In this guide
- How does my super fund invest?
- What are unlisted assets?
- Listed and unlisted investments: What’s the difference?
- What are the benefits of unlisted assets?
- Why do super funds use both listed and unlisted assets?
- Unlisted investments and super funds: Good or bad investments?
- How are unlisted assets valued?
- How valuations affect your super account
Unlisted assets don’t sound like a topic that would cause people to get all hot under the collar, but that’s exactly what’s happening in the super industry right now.
After a difficult year in investment markets due to rising inflation and interest rates – plus concerns about the end of quantitative easing in the US and elsewhere – the annual returns posted by super funds were keenly anticipated.
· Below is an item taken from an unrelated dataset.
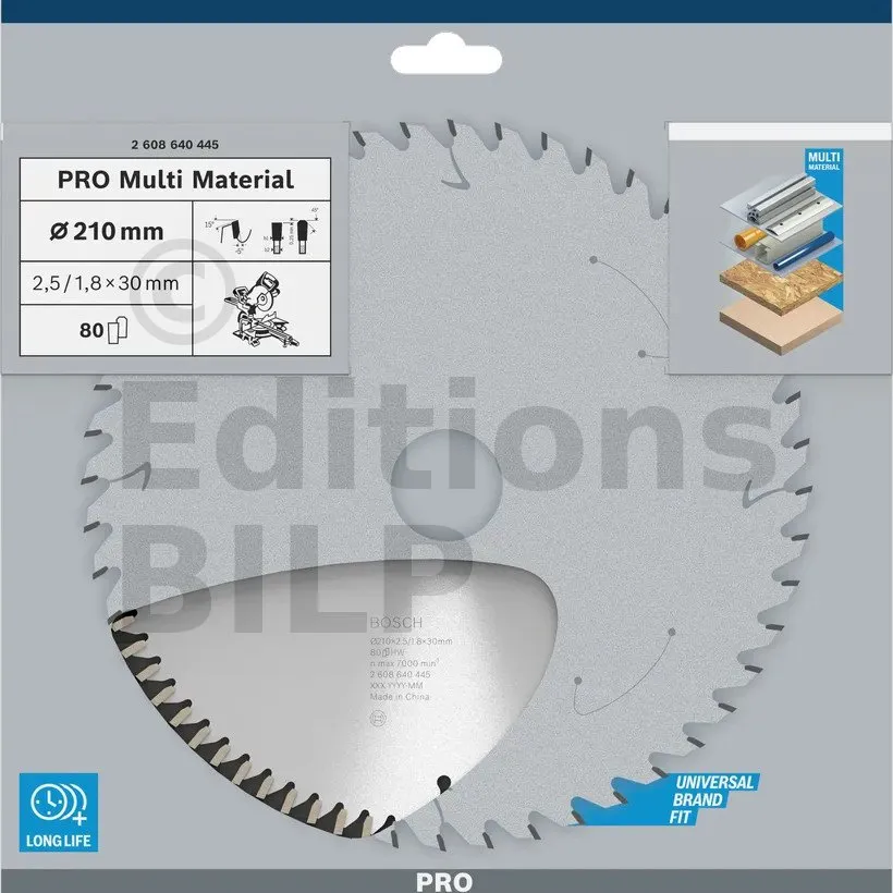 Lame de scie circulaire PRO 210 x 30 x 2.5 mm - 80 dents - Multi matériaux - Réf. 2608640445

But with several large industry super funds posting positive returns courtesy of strong performances from their unlisted assets, some observers are calling foul, claiming this paints an unfairly positive picture of their investment performance over the past financial year.
Although the industry debate continues to rage, for an ordinary super fund member it raises the question of just what unlisted assets are and why your super fund could have some of your retirement savings invested in these assets.
How does my super fund invest?
To help members successfully save for their retirement, super funds create a broad investment portfolio that includes a wide variety of assets and asset classes (such as shares, property, bonds and cash).
The fund’s trustees use these different assets to ensure the fund has a well-balanced and diversified investment portfolio. This approach generally includes using both listed and unlisted assets.